**EXERCISE DESCRIPTION:**
Your task is to retype, word for word, the lines from the start of the data through the line holding "Der har været". Do not include the pictures.

**DATASET EXTRACT:**
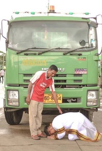 Kalangnalong quỳ gối cảm tạ công ơn nuôi dưỡng của cha trước chiếc xe chở rác của ông. |
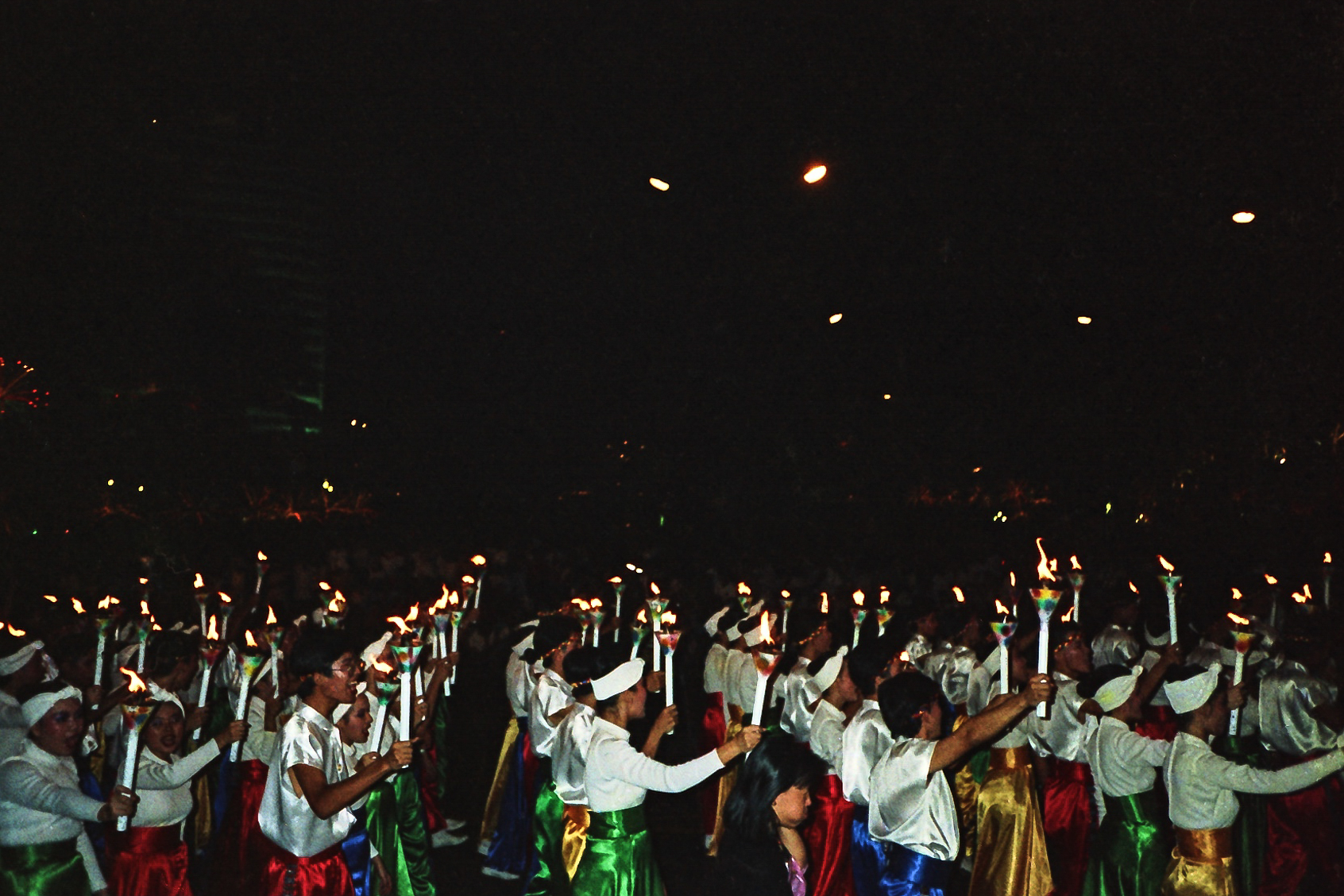 Der har været fest i byen, og Gitte og jeg troppede op sammen med 100.000 andre mennesker inde i Kuala Lumpurs centrum, hvor vi troede, at vi skulle se optog og optræden.
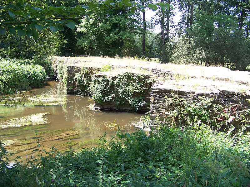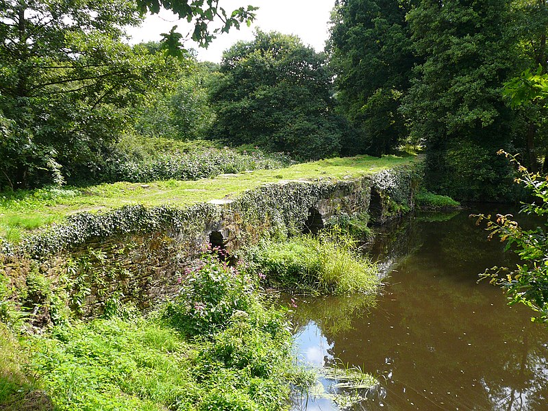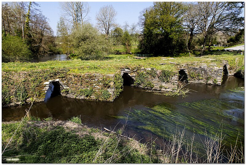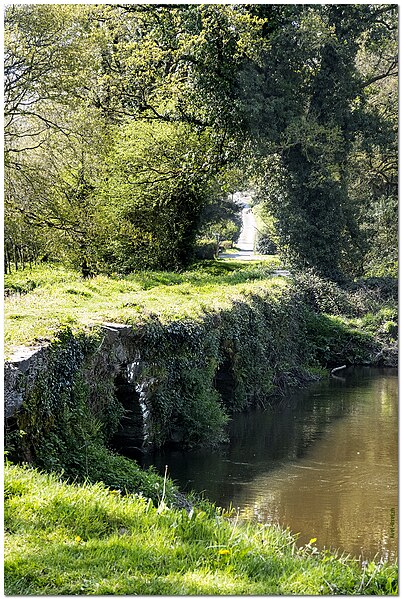 Le pont gaulois dit de Sainte-Catherine se situe entre Plounévézel (lieu-dit Kergonan, Finistère) et Treffrin (Côtes-d'Armor), en Bretagne. Son origine est attribuée aux périodes gauloise et du Haut Moyen Âge ; il s'appuie sur l'ancienne voie romaine reliant Carhaix à Lannion. Classé au titre des Monuments historiques le 22 juin 1964, il est décrit comme un ouvrage primitif. Construit en pierres sèches de schiste gris-bleu, il comporte trois arches de portées inégales et quatre éperons, et sa longueur totale est d'environ soixante mètres. Les arches, en encorbellement et de forme triangulaire, sont montées avec des pierres plates imbriquées et empilées horizontalement ; elles se rejoignent au sommet sous une dalle plate qui forme le tablier. La hauteur mesurée du fond de la rivière au sommet de l'arche centrale est de 3,20 m ; le tablier a une épaisseur de 0,90 m. Les parapets mesurent 0,40 m de hauteur pour 0,60 m de largeur.

**SOLUTION BELOW:**
 Kalangnalong quỳ gối cảm tạ công ơn nuôi dưỡng của cha trước chiếc xe chở rác của ông. |
 Der har været fest i byen, og Gitte og jeg troppede op sammen med 100.000 andre mennesker inde i Kuala Lumpurs centrum, hvor vi troede, at vi skulle se optog og optræden.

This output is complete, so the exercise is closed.